Жан-Мари Гюстав Леклезио - Танец голода стр 27.

Шрифт
Фон

И тут она подумала о Ксении. Ее образ возник перед глазами так же неожиданно, как до того пропал на несколько месяцев; сейчас Этель еще сильнее нуждалась в подруге. Где-то здесь, в Париже, Ксения живет своей жизнью. Семья Шавировых переехала, не оставив нового адреса. Этель часто думала про мастерскую на улице Жоффруа-Мари, но так и не набралась смелости пойти туда. Можно было бы схитрить, устроить засаду в соседнем кафе, дождаться появления Ксении или ее сестры Марины, но сама мысль о насмешливых взглядах хозяина заведения или о пристальном внимании мужчин, бродящих по этому нехорошему кварталу в поисках девушек, вызывала у нее страх. Ксения была ее подругой. Единственной. Самой близкой, ее мнение всегда оказывалось решающим. И теперь, устремившись вперед в толпе прохожих, впечатывая каблуки в асфальт, она решила стать похожей на Ксению. Быть решительной. Сражаться за жизнь. Смеяться надо всем и всеми. Образ подруги явился Этель издалека, для того чтобы помочь ей выстоять.
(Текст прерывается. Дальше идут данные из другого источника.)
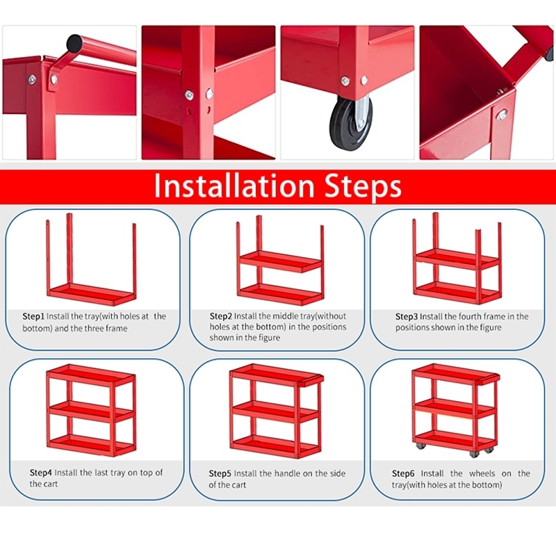 [PROMO] Reaim Bengkel Rak 3 Susun Perkakas Trolly Trolley Kotak Peralatan Troli Dengan Peralatan Penyimpanan Troli B
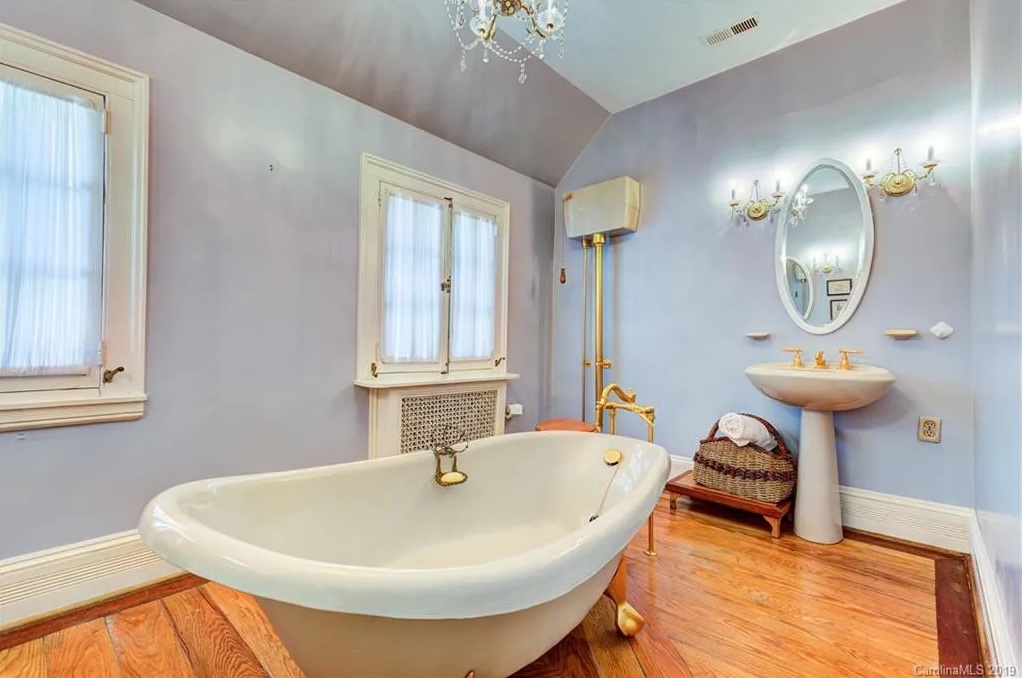 - Listing: “Many vintage details remain including light fixtures in downstairs bedrooms and hallway, shiplap siding and cabinet in kitchen, claw foot tub, and wainscoting in living/dining rooms.”

Волна пьянящего счастья. Этель сбавила шаг и даже на мгновение остановилась на краю тротуара, как бы выбирая дорогу. Запыхавшись, Жюстина нагнала ее и взяла за руку: «Ты слишком спешишь, я так не могу». Мать казалась легкой, как птичка.

Этель вдруг всё поняла. И взглянула на мать. С другого конца города она обращалась к Ксении. Свою историю ведь никто не выбирает. Она дается человеку не потому, что он так хочет. И никто не имеет права отказываться от своей истории.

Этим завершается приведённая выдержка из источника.